To see how this could falsify a model, we simulated a version of a standard, serial, self-terminating search. For this simulation, we chose parameters that would roughly replicate the mean RT data of the spatial configuration, ‘2 vs. 5’ task. Thus, in the simulation, attention was deployed to an item on average every 98 msec. The deployment times were drawn from a gamma distribution with shape parameter = 7 and scale = 14, in order to give them a positively skewed distribution. On target absent trials, the simulated number of attentional deployments was equal to the set size.
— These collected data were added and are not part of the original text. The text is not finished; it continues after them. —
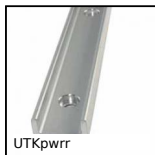
UTKpwrr Rail en V Utilitrack®, Rail en V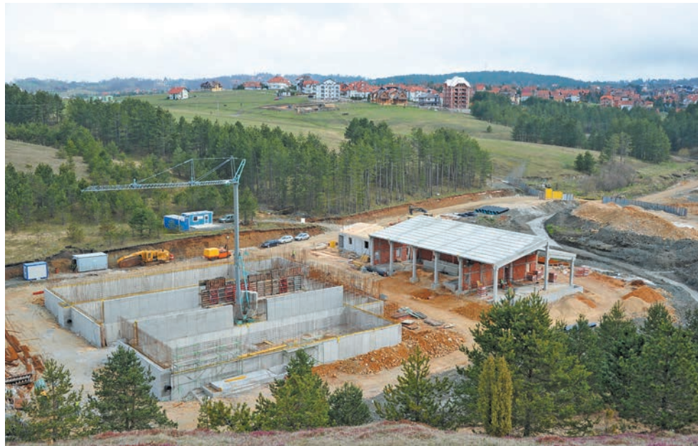
Постројење за пречишћавање отпадних вода на Златибору

но планирали наше приходе и расходе, па је резултат тога буџет који је усвојен у планираним оквирима, што нам сигурно и у наредној години даје могућност и шансу да комотно уђемо у реализацију свих пројеката. Тачно знамо шта су нам обавезе, шта су дугорочни пројекти који се не завршавају у једној години, и тако планирамо буџете. Не бих да испадне да критикујем остале локалне самоуправе, али поуздано знам да своје обавезе прикривају и преносе их у наредне године. Ми тако не можемо да радимо, све инвестиције водимо преко Општинске управе и наравно да надлежне институције преко наших инвестиција, преко трезора то могу да контролишу. Тако да нема шансе да можемо да радимо нешто у овој години, а да одлажемо плаћање у не-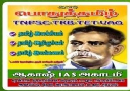
AKT 101- Rs:560

On target present trials, the number of deployments was drawn at random from the integers between 1 and the set size, as it would be in a serial, self-terminating search with memory for rejected distractors (Todd S. Horowitz, 2006). The simulated RT was the sum of the times for each deployment plus a motor/decision component that was gamma distributed with shape parameter = 7 and scale = 14, adding an average of 200 msec to each RT. The choice of specific parameters, the choice of a gamma distribution, and the choice of a search model with full memory are all arbitrary choices for the purposes of illustration. The mean RTs, produced by simulation, have a target present slope of 49 msec/item and a target absent slope of 98 msec/item, close to the ‘2 vs. 5’ results shown in Figure 2.

The value of RT distributions in evaluating models can be seen if we plot the distributions for the simulated model.

Examining Figure 7, it is clear that the distributions are qualitatively different from the distributions in Figure 4. In particular, the target-absent distributions look nothing like the real distributions. Again, note that we are not making any claims about this specific simulation beyond noting that it produces roughly the correct mean RTs. We use this example to show how the distributions can be used to reject a model that an analysis based on simple mean RT might have accepted (Cousineau & Shiffrin, 2004). In fact, we observe with some regret that the model simulated here is quite close to the proposals of Guided Search 2.0 for this condition (Wolfe, 1994). It is possible that other classes of model (e.g. a parallel model like Palmer, 1995, or a race model like Bundesen, 1998) might fare better. It is our hope that proponents of other types of model will test them against this data set.

Figure 7.

Figure 7

RT distributions for simulated serial, self-terminating search. Solid lines represent target present distributions; dashed, target absent. Lighter lines represent smaller set sizes.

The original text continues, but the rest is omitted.